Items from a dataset
·····

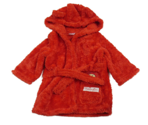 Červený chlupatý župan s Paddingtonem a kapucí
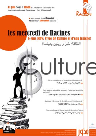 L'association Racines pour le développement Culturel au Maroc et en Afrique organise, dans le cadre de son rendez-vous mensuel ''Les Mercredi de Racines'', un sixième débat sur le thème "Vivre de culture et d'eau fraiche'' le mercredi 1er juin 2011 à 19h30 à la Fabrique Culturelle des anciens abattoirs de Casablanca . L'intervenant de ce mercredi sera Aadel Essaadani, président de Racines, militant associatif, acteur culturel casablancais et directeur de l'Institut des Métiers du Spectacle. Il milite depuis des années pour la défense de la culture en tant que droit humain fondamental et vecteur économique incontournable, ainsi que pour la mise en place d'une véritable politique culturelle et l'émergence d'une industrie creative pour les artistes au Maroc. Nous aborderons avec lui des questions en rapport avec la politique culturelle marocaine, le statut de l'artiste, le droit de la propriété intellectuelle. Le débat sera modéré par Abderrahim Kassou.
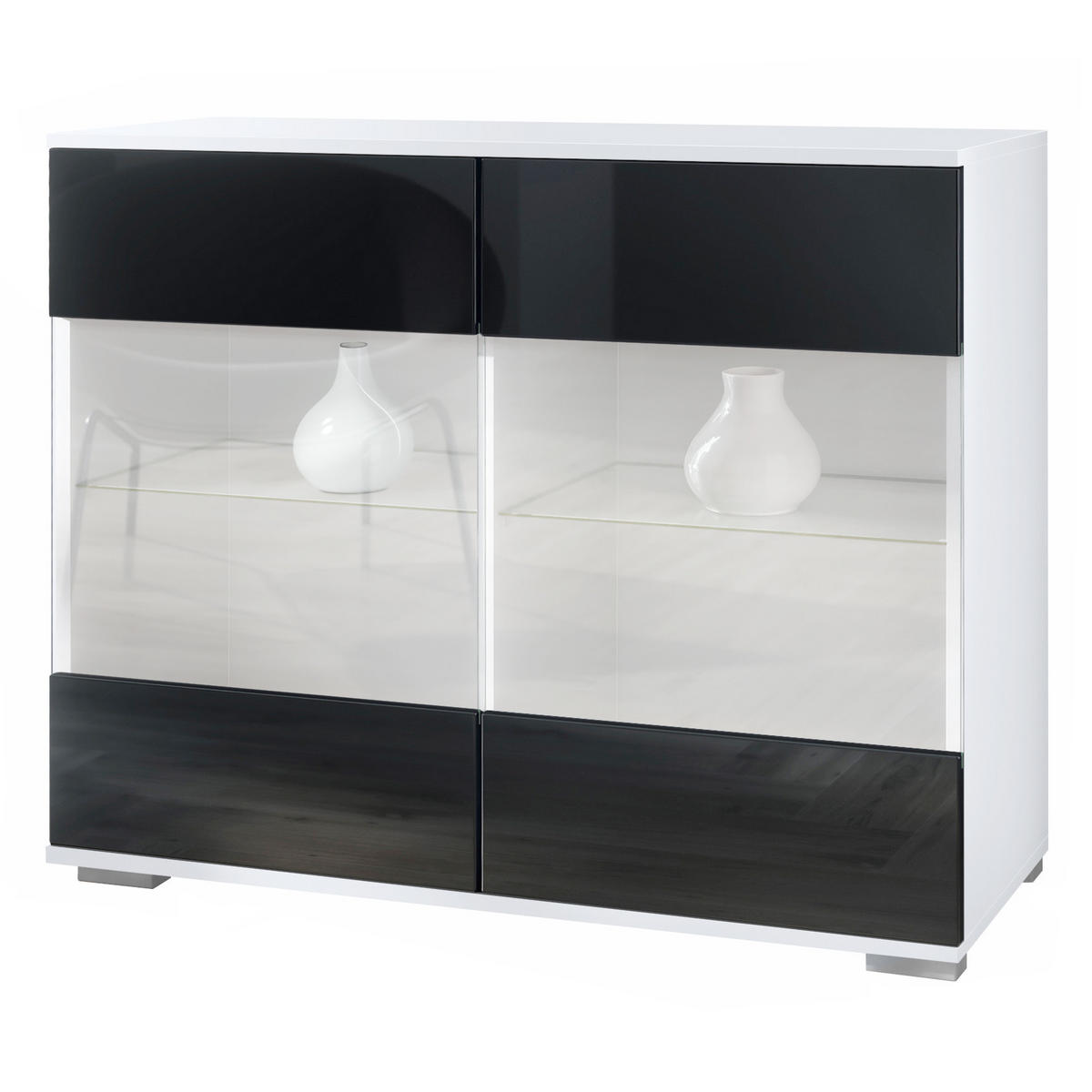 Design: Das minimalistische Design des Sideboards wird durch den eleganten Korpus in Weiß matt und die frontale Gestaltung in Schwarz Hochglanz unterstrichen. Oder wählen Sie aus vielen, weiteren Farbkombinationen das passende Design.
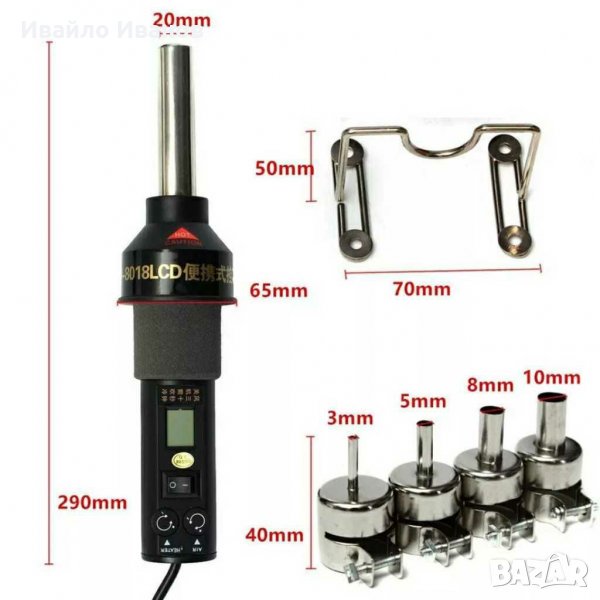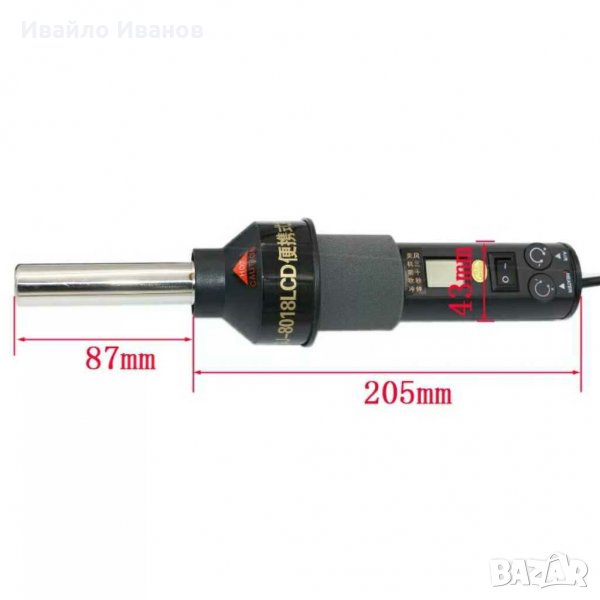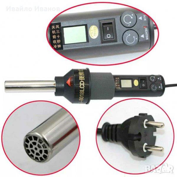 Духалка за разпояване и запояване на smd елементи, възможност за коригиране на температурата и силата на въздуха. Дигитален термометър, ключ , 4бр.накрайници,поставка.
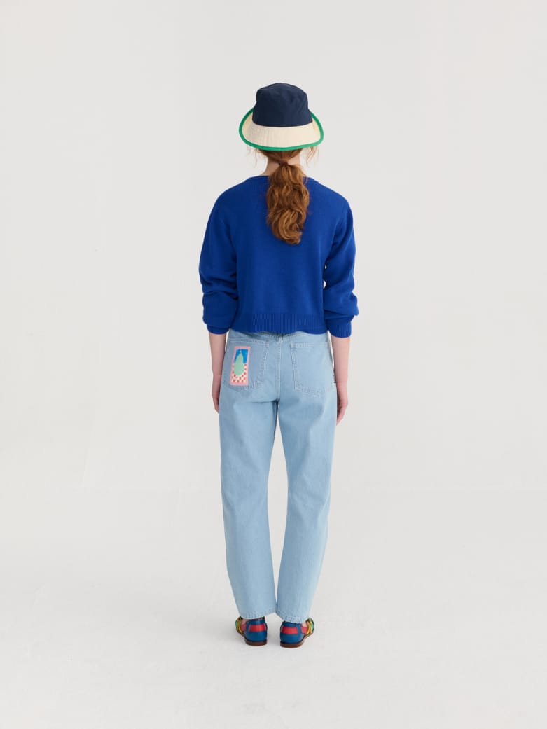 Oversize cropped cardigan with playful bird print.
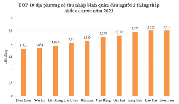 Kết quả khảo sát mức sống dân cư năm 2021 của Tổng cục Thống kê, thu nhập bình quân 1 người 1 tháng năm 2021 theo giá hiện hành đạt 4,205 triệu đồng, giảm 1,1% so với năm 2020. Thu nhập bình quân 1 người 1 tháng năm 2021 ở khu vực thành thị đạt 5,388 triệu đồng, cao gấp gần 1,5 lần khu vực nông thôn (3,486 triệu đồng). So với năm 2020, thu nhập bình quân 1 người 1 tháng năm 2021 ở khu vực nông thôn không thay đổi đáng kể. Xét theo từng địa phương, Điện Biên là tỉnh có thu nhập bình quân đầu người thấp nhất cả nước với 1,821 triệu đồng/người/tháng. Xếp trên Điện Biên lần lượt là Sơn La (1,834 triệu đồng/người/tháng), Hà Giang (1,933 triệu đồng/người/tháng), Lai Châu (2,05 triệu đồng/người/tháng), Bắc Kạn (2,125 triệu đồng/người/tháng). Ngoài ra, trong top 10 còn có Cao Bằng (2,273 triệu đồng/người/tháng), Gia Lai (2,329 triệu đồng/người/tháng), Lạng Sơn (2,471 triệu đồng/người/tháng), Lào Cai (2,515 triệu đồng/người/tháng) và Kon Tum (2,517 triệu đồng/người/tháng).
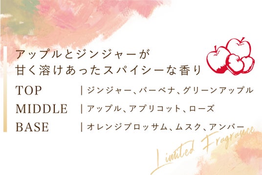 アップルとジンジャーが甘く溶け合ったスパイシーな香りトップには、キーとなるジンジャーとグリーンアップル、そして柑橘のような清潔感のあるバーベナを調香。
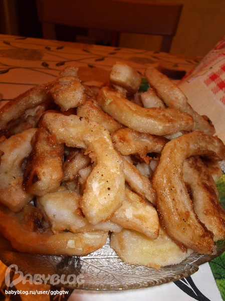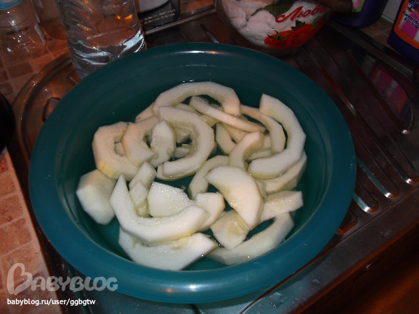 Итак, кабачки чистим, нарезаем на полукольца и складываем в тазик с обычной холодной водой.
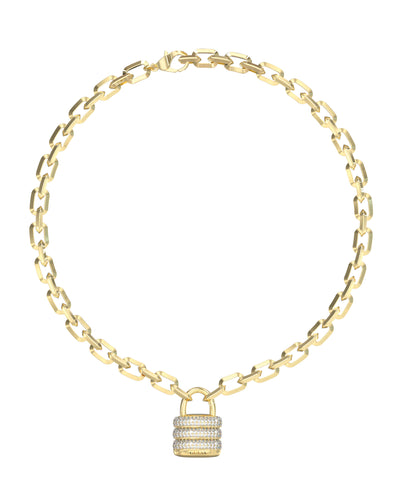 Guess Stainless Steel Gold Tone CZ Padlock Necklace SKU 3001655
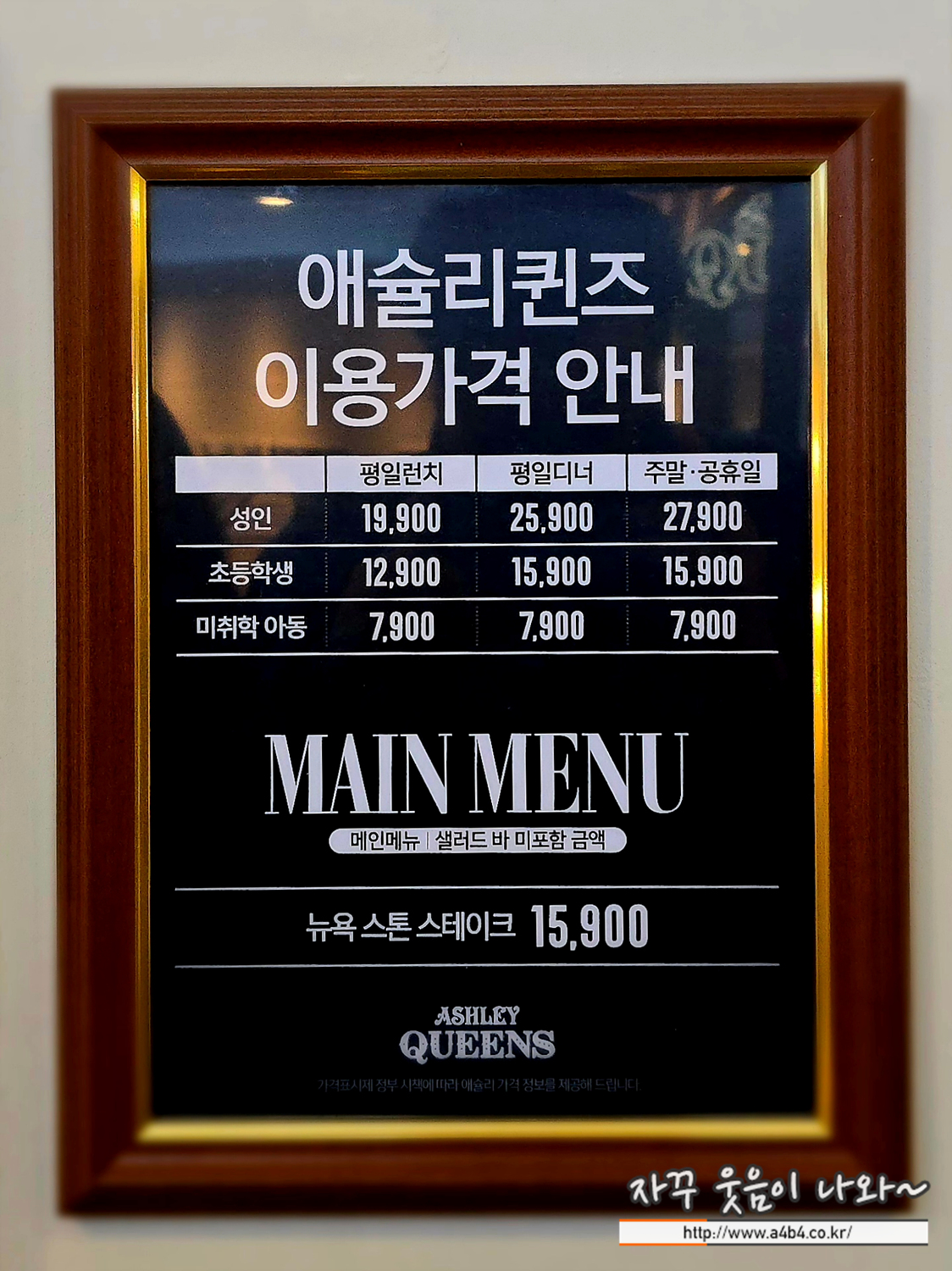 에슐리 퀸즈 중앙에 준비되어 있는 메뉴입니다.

·····

◆ Exercise details ◆
Exact text is required for the lines from the one with "アップルとジンジャーが甘く溶" through the last line of the entries, both included. Omit pictures.

◆ Answer box ◆
 アップルとジンジャーが甘く溶け合ったスパイシーな香りトップには、キーとなるジンジャーとグリーンアップル、そして柑橘のような清潔感のあるバーベナを調香。
 Итак, кабачки чистим, нарезаем на полукольца и складываем в тазик с обычной холодной водой.
 Guess Stainless Steel Gold Tone CZ Padlock Necklace SKU 3001655
 에슐리 퀸즈 중앙에 준비되어 있는 메뉴입니다.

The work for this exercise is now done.